START Input records
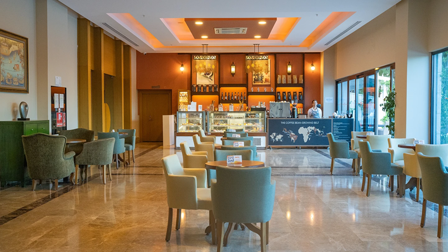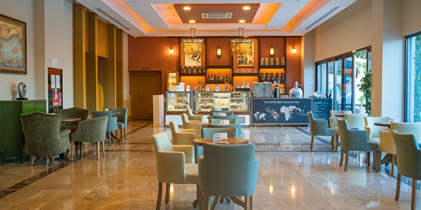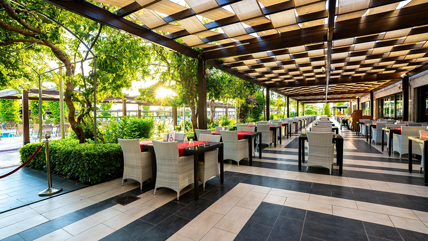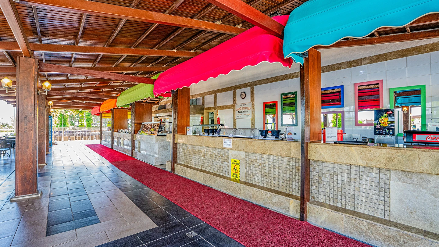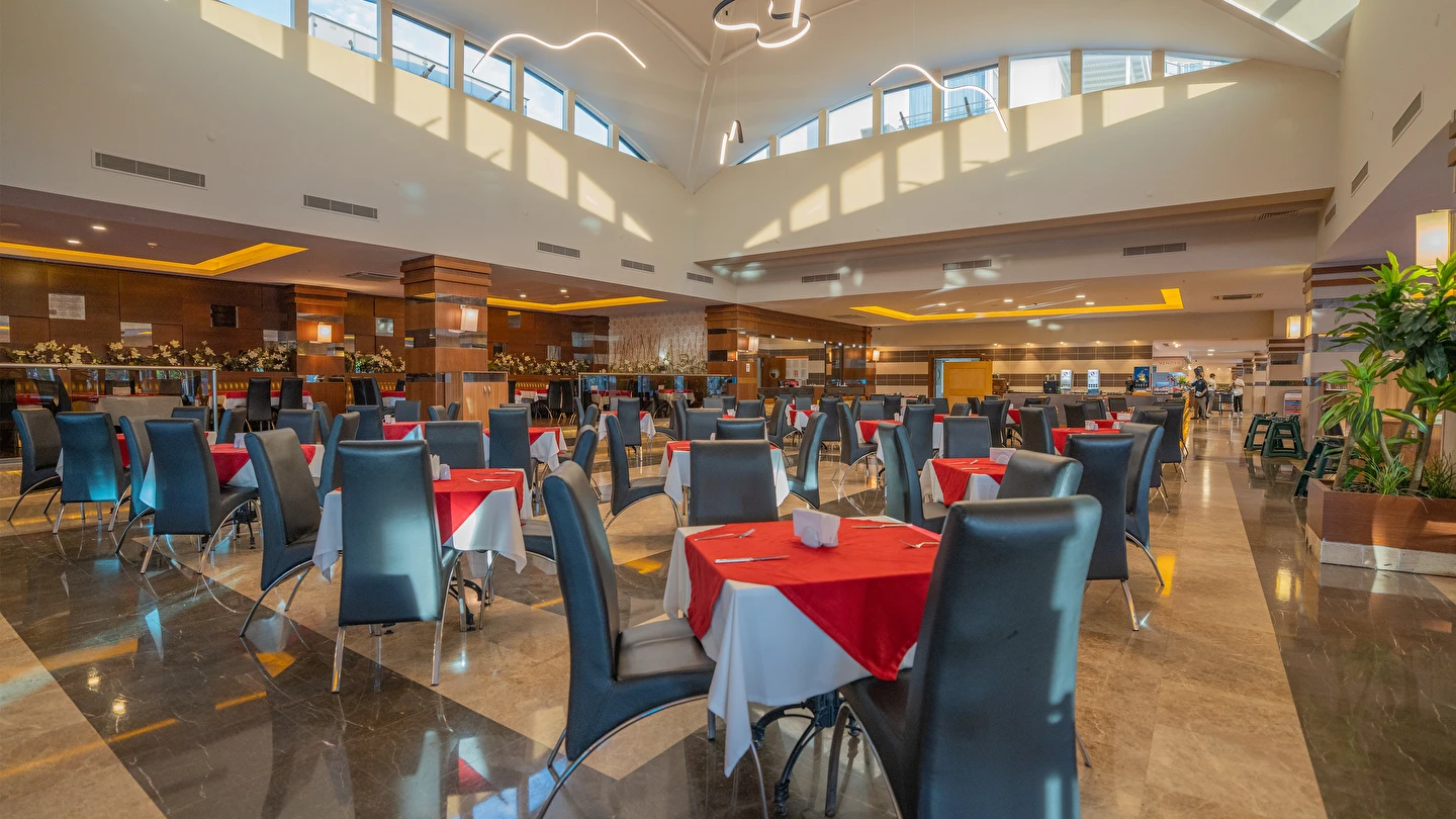Sabah kahvaltısı, öğle ve akşam yemekleri açık büfe olup, tesisin belirlemiş olduğu markalar dahilinde tüm yerli alkollü (bira, şarap, rakı, votka, cin, bazı likörler) bazı yabancı alkollü içecekler (viski,votka,cin) ve alkolsüz içecekler, sıcak içecekler 24 saat ücretsizdir. Türk kahvesi lobi barda ücretsizdir. Kutu içecekler ve bazı yabancı alkollü içecekler ücretlidir.
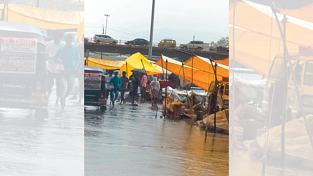 नाशिक : शहरात बुधवारी (ता. २२) अचानक आलेल्या पावसामुळे (Heavy Rain) आठवडेबाजारात ग्राहक, विक्रेत्यांची चांगलीच धांदल उडाली. (Heavy rain water in weekly market nashik monsoon news)
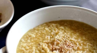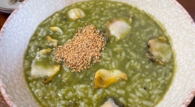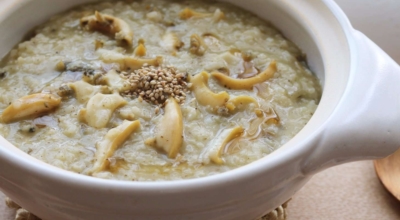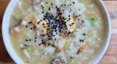중 약불로 8-10분 정도 더 끓여 줘요. 이 때에 눌어붙지 않게 저어가면서 끓여 주어요. 일정 양 걸 축한 느낌의 죽이 완성되었으면 먹기 좋게 그릇에 담아내고 전복 살을 올려 준 다음 깨와 마지막 참기름을 살짝 얹어 마무리해요. 전복죽을 먹을 때 전복살보다는 내장을 넣는 이유가 더욱더 고소하면서도 영양가가 높기 때문인데, 내장을 넣은 다음 비린내가 가시지 않는다면 처음 볶아 줄 때 소주와 함께 볶아 주는 것도 좋은 방법이라고 할 수 있답니다.
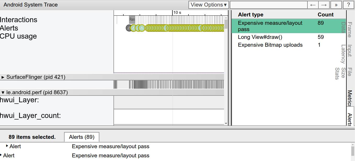 Systrace 会自动突出显示此布局中的(大量)性能问题,并给出修复这些问题的建议。通过点击“Alerts”标签,您会发现,绘制此视图层次结构需要反复执行 80 次的测量和布局阶段,开销极为庞大!触发开销如此庞大的测量和布局阶段当然很不理想,如此庞大的绘制 Activity 会导致用户能够觉察到丢帧的现象。我们可以得出这样的结论:这种嵌套式层次结构和 RelativeLayout(会对其每个子对象重复测量两次)的特性导致性能低下。
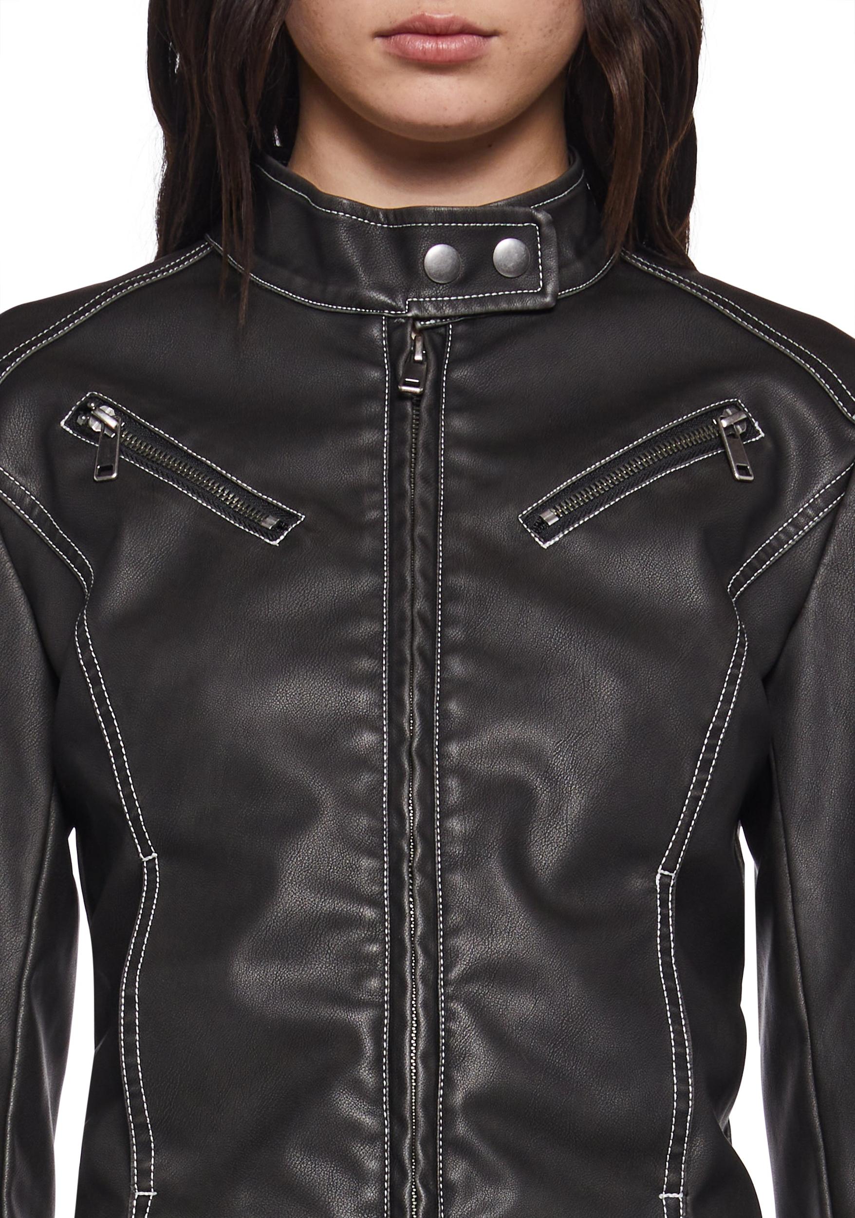 Generation Kiss Washed Vegan Leather Moto Jacket - Black
END Input records
The required output is every line from the one containing "नाशिक : शहरात" through the last line of the data above, restated exactly and without pictures.

> **Answer for the task**:
 नाशिक : शहरात बुधवारी (ता. २२) अचानक आलेल्या पावसामुळे (Heavy Rain) आठवडेबाजारात ग्राहक, विक्रेत्यांची चांगलीच धांदल उडाली. (Heavy rain water in weekly market nashik monsoon news)
중 약불로 8-10분 정도 더 끓여 줘요. 이 때에 눌어붙지 않게 저어가면서 끓여 주어요. 일정 양 걸 축한 느낌의 죽이 완성되었으면 먹기 좋게 그릇에 담아내고 전복 살을 올려 준 다음 깨와 마지막 참기름을 살짝 얹어 마무리해요. 전복죽을 먹을 때 전복살보다는 내장을 넣는 이유가 더욱더 고소하면서도 영양가가 높기 때문인데, 내장을 넣은 다음 비린내가 가시지 않는다면 처음 볶아 줄 때 소주와 함께 볶아 주는 것도 좋은 방법이라고 할 수 있답니다.
 Systrace 会自动突出显示此布局中的(大量)性能问题,并给出修复这些问题的建议。通过点击“Alerts”标签,您会发现,绘制此视图层次结构需要反复执行 80 次的测量和布局阶段,开销极为庞大!触发开销如此庞大的测量和布局阶段当然很不理想,如此庞大的绘制 Activity 会导致用户能够觉察到丢帧的现象。我们可以得出这样的结论:这种嵌套式层次结构和 RelativeLayout(会对其每个子对象重复测量两次)的特性导致性能低下。
 Generation Kiss Washed Vegan Leather Moto Jacket - Black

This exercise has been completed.